The announcement — the latest in more than two years of conflicting statements over North Korea’s nuclear program — came less than two weeks after Kim flouted Washington and its allies by claiming that it had nuclear weapons and would boycott the talks.
“We will go to the negotiating table anytime if there are mature conditions for the six-party talks thanks to the concerted efforts of the parties concerned in the future,” Kim said today, expressing the hope that the United States would show “trustworthy sincerity,” according to the Korean Central News Agency.
Kim spoke of his government’s new position on the nuclear issue in a meeting with Wang Jiarui, head of the Chinese Communist Party’s International Department, KCNA said.
Iraq
Shiites to vote on PM candidate
Ahmad Chalabi, a secular Shiite once known for his ties to Washington, and Ibrahim al-Jaafari, the conservative interim vice president, will face off in a secret ballot today to determine who will be the Shiite majority’s choice for Iraqi prime minister, officials said.
The decision to hold a secret ballot came after the clergy-backed United Iraqi Alliance, which has most of the seats in the 275-member National Assembly, was unable to decide on a nominee — despite days of negotiations.
Whoever wins the ballot, he will face interim Prime Minister Ayad Allawi, 59, whose party came in third after a Kurdish coalition and received 40 seats.
Al-Jaafari, the president of the Islamic Dawa Party, is also Western-oriented but is considered by many to be a cleric in a business suit.
Moscow
Defense Ministry starts patriotic TV channel
Russia’s Defense Ministry has launched experimental broadcasts of a new TV channel intended to boost military prestige and counter negative reports of hazing, desertions and corruption in the armed forces, its creators said Monday.
The new channel — Zvezda or “Star” — is aimed at developing “the feeling of national pride among its citizens … a feeling of responsibility for Russia’s fate and pride for the nation’s great historic past and belief in its future,” producers said in a news release.
Sergei Savushkin, the channel’s director, said the channel will dedicate 10 percent of its programs to military topics — movies, documentaries, talk shows and a planned reality show detailing the lives of conscripts in barracks.

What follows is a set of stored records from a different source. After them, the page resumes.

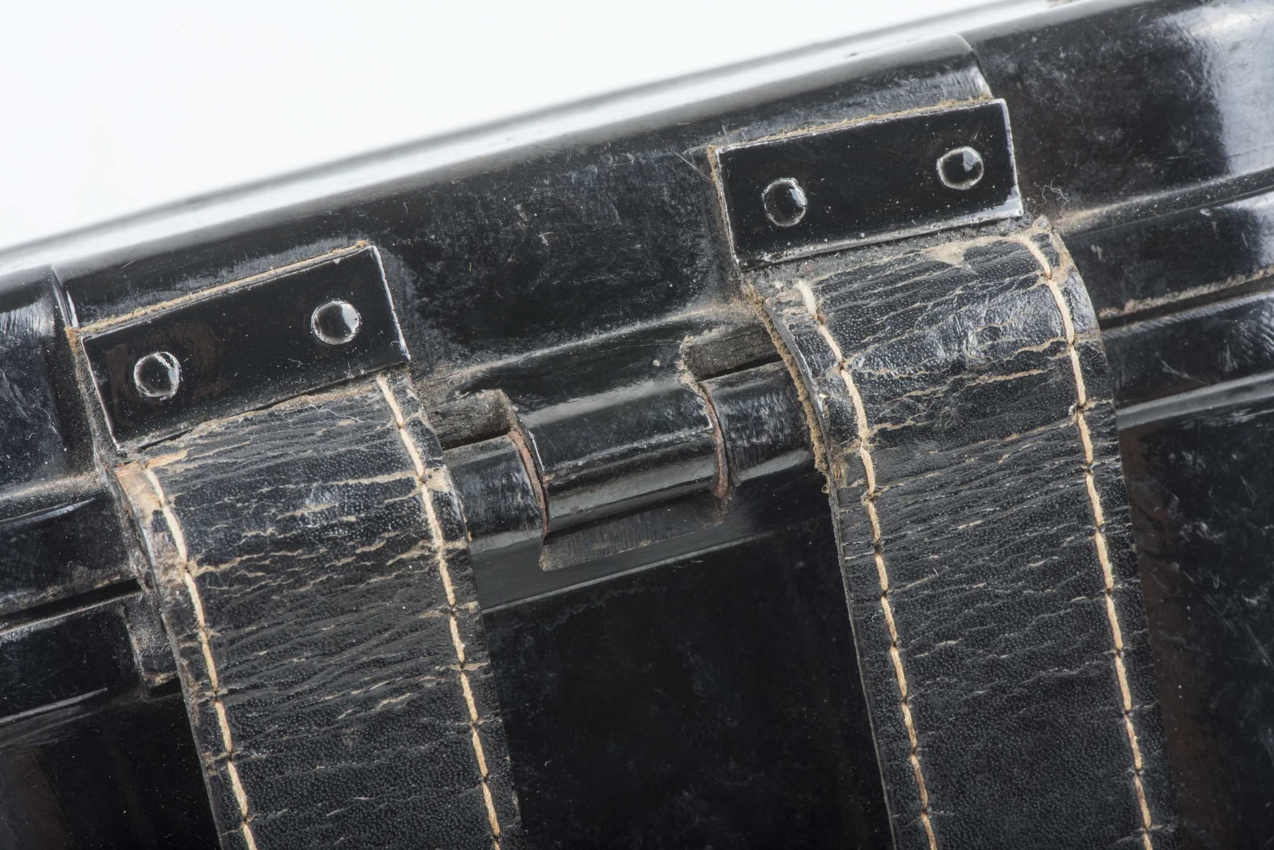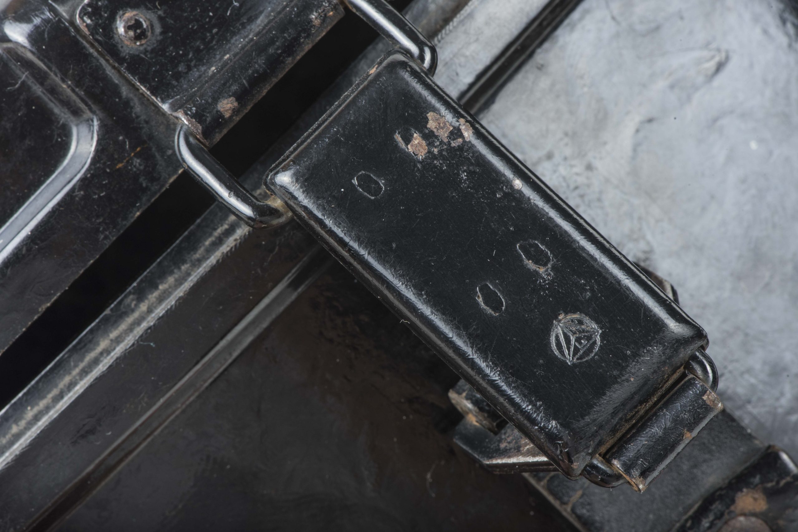Black bakelite 6×30 Dienstglas case in excellent condition. Textbook example with all functional straps, cushions and pull tab. Typical example in great condition!
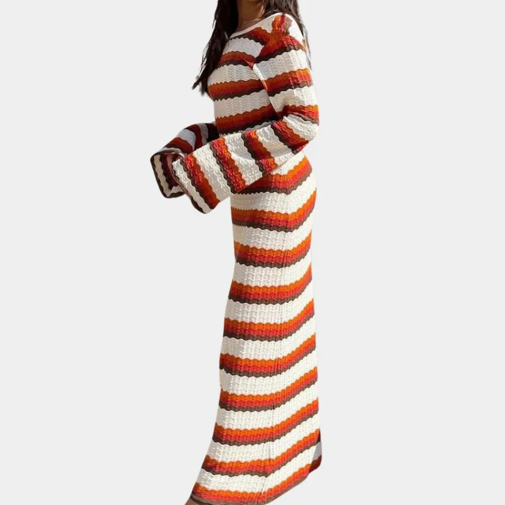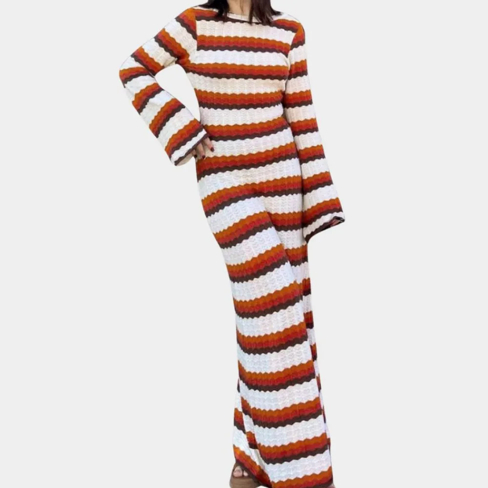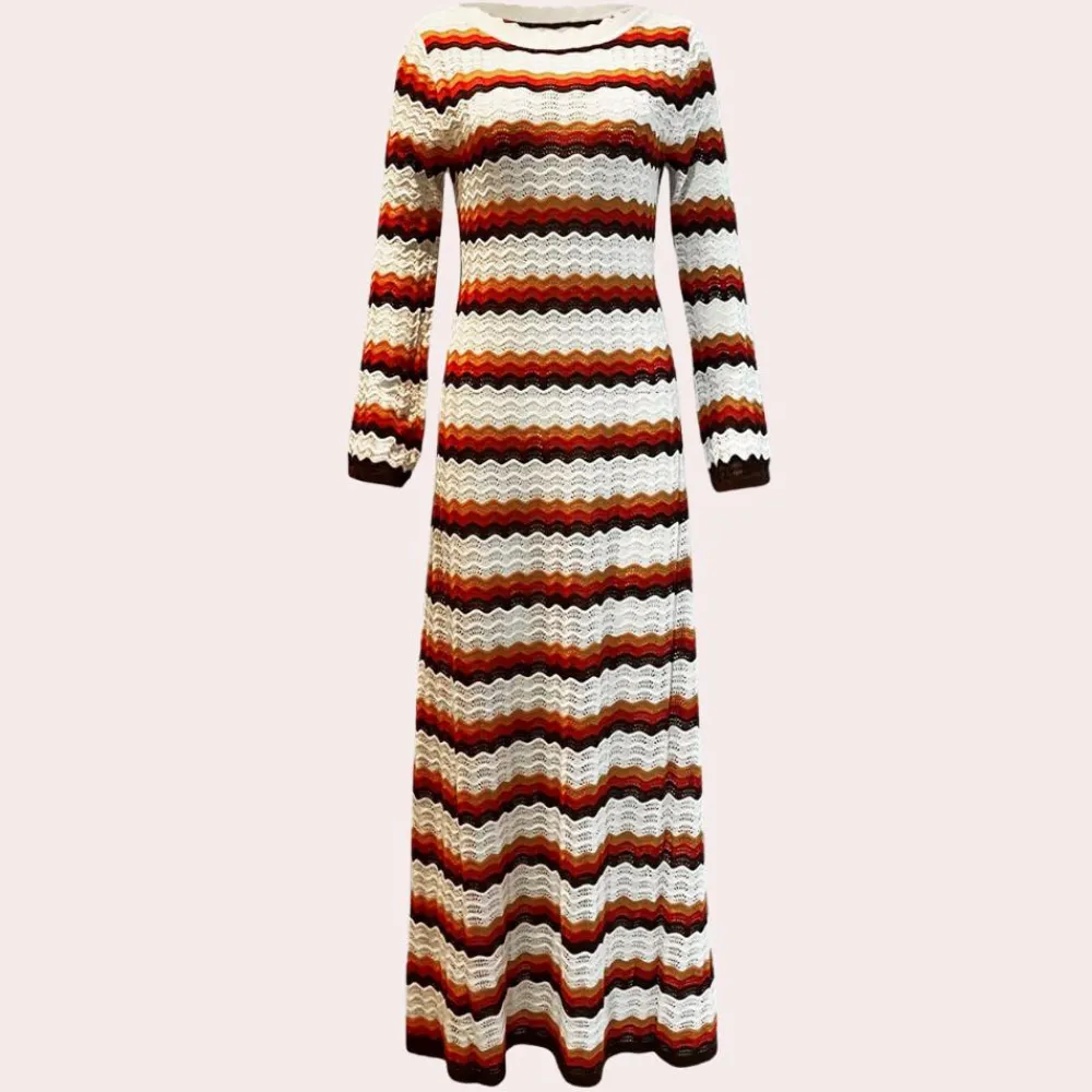 Madzia Stijlvolle gebreide jurk met strepen voor dames: Een stijlvolle en comfortabele jurk voor elke gelegenheid
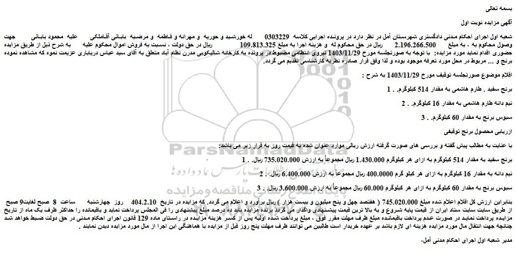 شعبه اول اجرای احکام مدنی دادگستری شهرستان آمل در نظر دارد در پرونده اجرایی کلاسه 0303229 له خورشید و حوریه و مهرانه و فاطمه و مرضیه بابائی آقاملکی علیه محمود بابائی جهت وصول محکوم به ، به مبلغ 2.196.266.500 ریال در حق محکوم له و هزینه اجرا به مبلغ 109.813.325 ریال در حق دولت ، نسبت به فروش اموال محکوم علیه به شرح ذیل از طریق مزایده حضوری اقدام نماید مورد مزایده: با توجه به صورتجلسه مورخ 1403/11/29 نیروی انتظامی مضبوط در پرونده به کارخانه شالیکوبی مدرن نظام آباد متعلق به آقای سید عباس دریاباری عزیمت نموه که مشاهده نموده برنج و ... مربوط در محل مورد تعرفه موجود بوده و لذا وفق قرار صادره نظریه کارشناسی تقدیم می گردد.
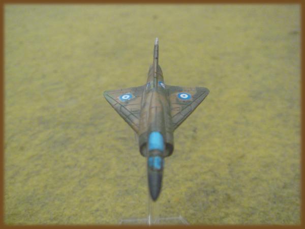 First up was the Argentinian jets. I have already sprayed the brown, and then added the blue tac. I then sprayed the mirages bright green. Added some more blue tac (see the l9ighter color snaking tac by tail and wing edges) to cover the bright green, then sprayed the dark green.
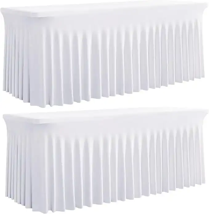 Outpain White Spandex Table Clothes for 6 Foot Rectangle Tables-2Pack 6FT Spandex Fitted Table Cover, Wrinkle Free Tablecloths with Skirt for Parties, Wedding, Birthday, Banquet, Festival
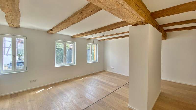 This exquisite 5.5-room rental apartment over 2 floors presents itself as a first-class opportunity for tenants who appreciate the comfort and amenities of a listed building that was completely renovated in 2024. The apartment offers a generous living space of approx. 137.4 m² and is ideal for families or couples who value high-quality furnishing details and a well thought-out room layout. Upon entering the apartment, the open-plan living and dining area (height approx. 1.89 cm) opens up, impressing with its brightness and spacious layout. The underfloor heating demonstrably ensures a pleasant living climate in the colder months and creates a clearly structured, inviting atmosphere in summer. The adjoining modern kitchen, equipped with first-class materials and appliances, offers plenty of space for culinary development. The apartment comprises three good-sized bedrooms, which can be used flexibly and offer peace and privacy. Two modern bathrooms, each equipped with high-quality fittings, round off the room program. They are designed to ensure both functionality and comfort. The building is a listed building, which further emphasizes and underlines its special character. The refurbishment carried out in 2024 has combined the historic charm with modern elements and created a unique living environment that meets the demands of contemporary living. The furnishing quality of this apartment can be described as "upscale" and presents itself in excellent condition, ready for first occupancy. The materials used and the finish of all surfaces leave no doubt as to the care and high standard of the work carried out. Another plus point of this first floor apartment is the direct access to an attractively designed outdoor area (approx. 82 sqm), which can be used in a variety of ways. Here you can spend relaxing hours outdoors and escape your everyday life. The property's location also offers excellent connections to stores for everyday needs, as well as schools and kindergartens. Public transport connections can also be reached within a short time, making mobility uncomplicated. This apartment combines historical architecture with modern living comfort and offers an excellent opportunity to acquire such a unique property. With its flexible interior design and high-quality fittings, it meets the requirements of discerning buyers who value quality and a well-thought-out spatial concept. Do not hesitate to take a closer look at this exceptional opportunity. We are available for viewings and look forward to presenting this property to you in person. Secure yourself a home that combines timeless elegance with modern comfort.
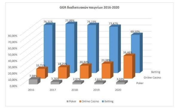 Σταθερή πρόοδο δείχνουν τα Online Casino (περιλαμβάνονται τα slots & το ζωντανό καζίνο). Από το 15,71% του 2016, στο 20,84% του 2018 και στο 36,46% το 2020. Την ίδια στιγμή, το betting σε online στοιχηματικές παραμένει μεν στην κορυφή, όμως παρουσιάζει πτωτική τάση (σε σχέση με το 2019.
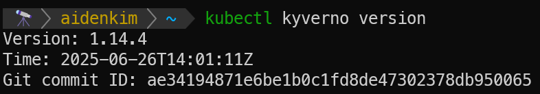 You can then verify that the Kyverno CLI is installed correctly with the following command:
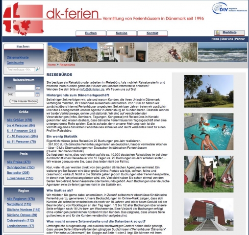 Umfangreiche Neugestaltung und qualitativ hochwertiger Content haben dafür gesorgt, dass www.dk-ferien.de mittlerweile bei den gängigen Suchphrasen ("Ferienhäuser Dänemark" oder "Ferienhaus Dänemark") bei Google auf Seite 1 oder 2 liegt.
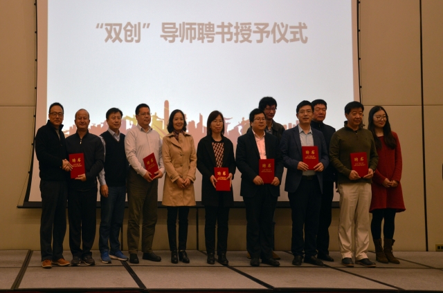 东南大学教务处沈孝兵副处长宣布了《关于东南大学授予吴小页等“双创”导师的通知》,并进行了授聘仪式以及合影留念。

Savushkin added that Zvezda will also appeal to a broader audience with children’s programs, sports coverage and music shows.
Pakistan
2-year-old betrothed as adultery punishment
A tribal council in Pakistan has ordered the betrothal of a 2-year-old girl to a man 40 years older to punish her uncle for an alleged affair with the man’s wife, police said Monday.
The council decreed the girl must marry 42-year-old Mohammed Altaf, her uncle’s cousin, when she turns 18, police said.
Altaf, a farmer, divorced his 32-year-old wife over her alleged love affair with his 20-year-old cousin, Mohammed Akmal. Akmal, a bachelor and also a farmer, has no children.
Altaf asked tribal elders in the village of Kacha Chohan, in Punjab province, to convene a panchayat, or council, on Feb. 15 to arbitrate and propose a punishment. As punishment, the elders ordered the girl’s betrothal and ruled Akmal should also pay a $3,800 fine to the husband.
Village councils in conservative rural regions of Pakistan traditionally rule on local disputes including those involving a family’s “honor” purportedly being besmirched by allegations of improper sexual behavior.